Repeat the data that follows verbatim. Images are not part of the copy.

- SOURCE DATA -
# # # # #

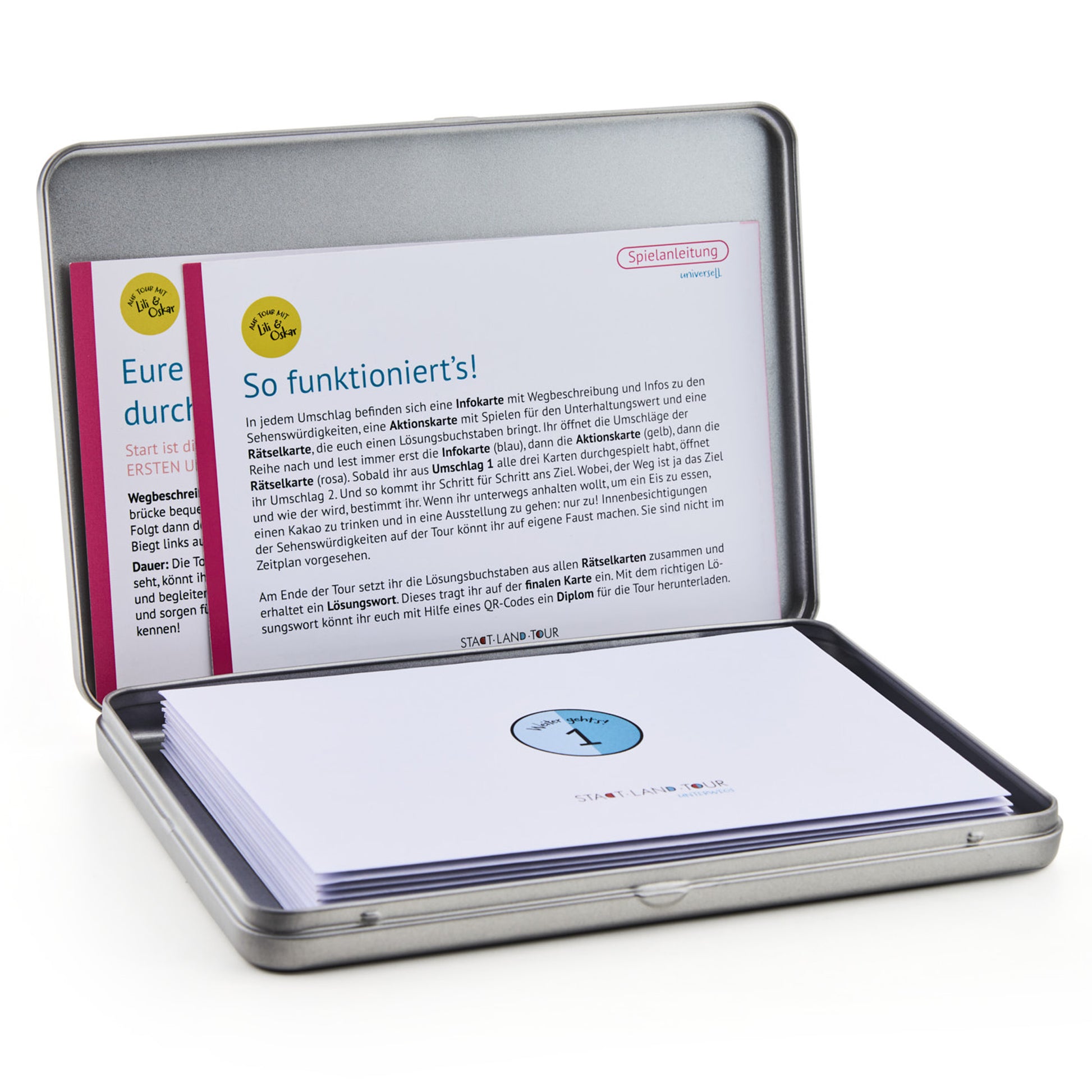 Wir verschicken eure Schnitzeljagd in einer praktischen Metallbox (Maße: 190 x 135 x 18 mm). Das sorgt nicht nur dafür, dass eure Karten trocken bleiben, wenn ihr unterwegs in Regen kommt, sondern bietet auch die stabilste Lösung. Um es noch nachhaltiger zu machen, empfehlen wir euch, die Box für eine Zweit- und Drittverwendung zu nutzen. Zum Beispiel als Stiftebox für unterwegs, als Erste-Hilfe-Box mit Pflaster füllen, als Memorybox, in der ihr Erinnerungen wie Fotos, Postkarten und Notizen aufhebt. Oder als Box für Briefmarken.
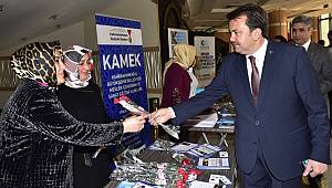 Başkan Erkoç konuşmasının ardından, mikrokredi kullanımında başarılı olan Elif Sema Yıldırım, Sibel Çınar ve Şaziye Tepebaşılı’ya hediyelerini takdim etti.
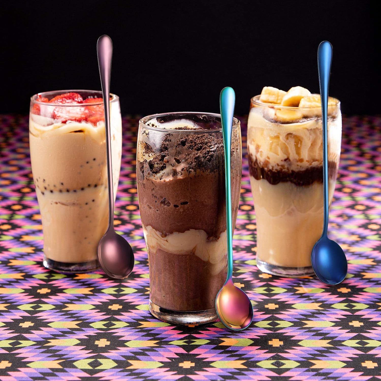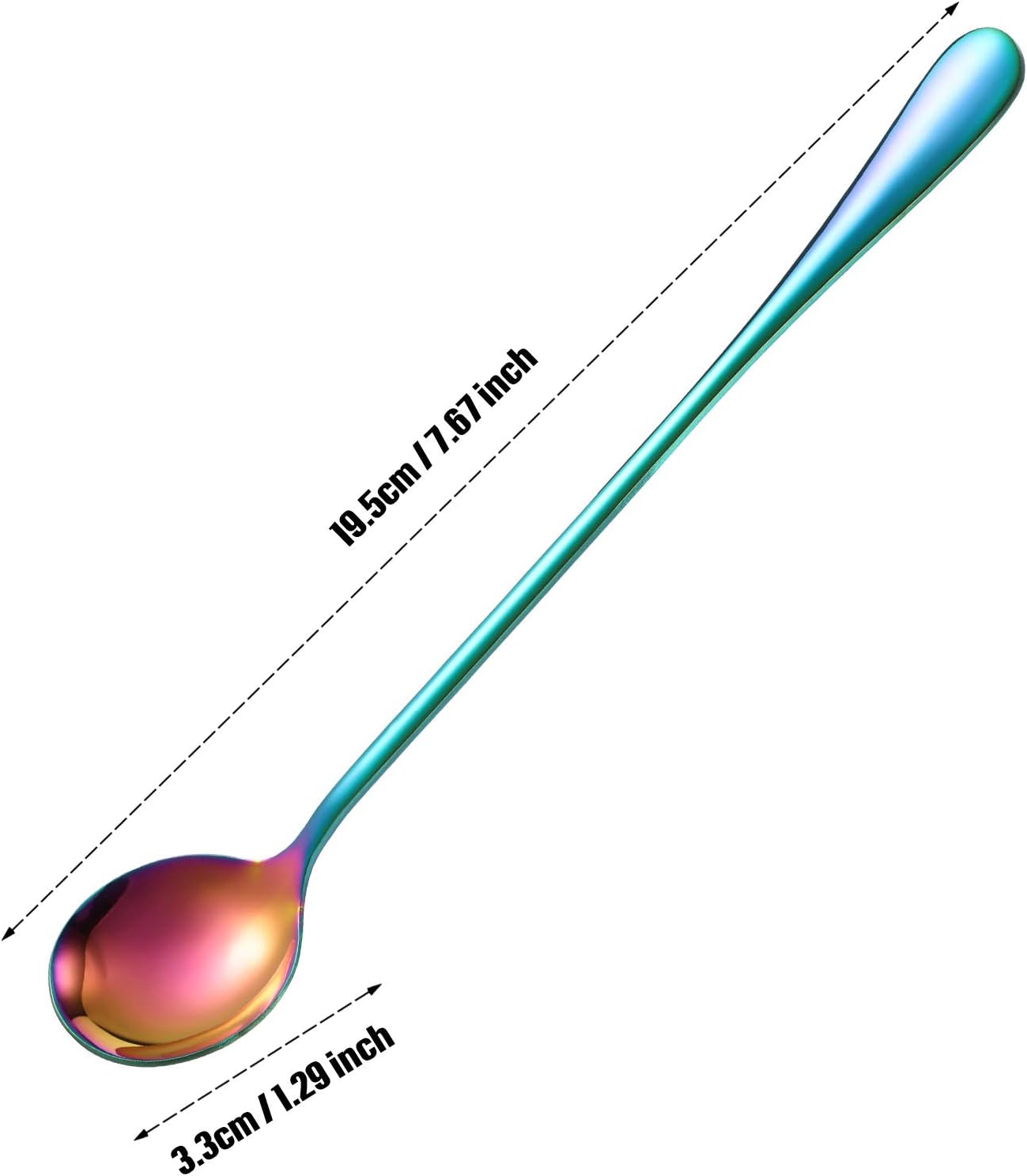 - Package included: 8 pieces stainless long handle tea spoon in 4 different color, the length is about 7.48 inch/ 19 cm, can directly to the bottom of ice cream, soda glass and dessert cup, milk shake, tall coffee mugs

# # # # #

- TASK SOLUTION -
 Wir verschicken eure Schnitzeljagd in einer praktischen Metallbox (Maße: 190 x 135 x 18 mm). Das sorgt nicht nur dafür, dass eure Karten trocken bleiben, wenn ihr unterwegs in Regen kommt, sondern bietet auch die stabilste Lösung. Um es noch nachhaltiger zu machen, empfehlen wir euch, die Box für eine Zweit- und Drittverwendung zu nutzen. Zum Beispiel als Stiftebox für unterwegs, als Erste-Hilfe-Box mit Pflaster füllen, als Memorybox, in der ihr Erinnerungen wie Fotos, Postkarten und Notizen aufhebt. Oder als Box für Briefmarken.
 Başkan Erkoç konuşmasının ardından, mikrokredi kullanımında başarılı olan Elif Sema Yıldırım, Sibel Çınar ve Şaziye Tepebaşılı’ya hediyelerini takdim etti.
 - Package included: 8 pieces stainless long handle tea spoon in 4 different color, the length is about 7.48 inch/ 19 cm, can directly to the bottom of ice cream, soda glass and dessert cup, milk shake, tall coffee mugs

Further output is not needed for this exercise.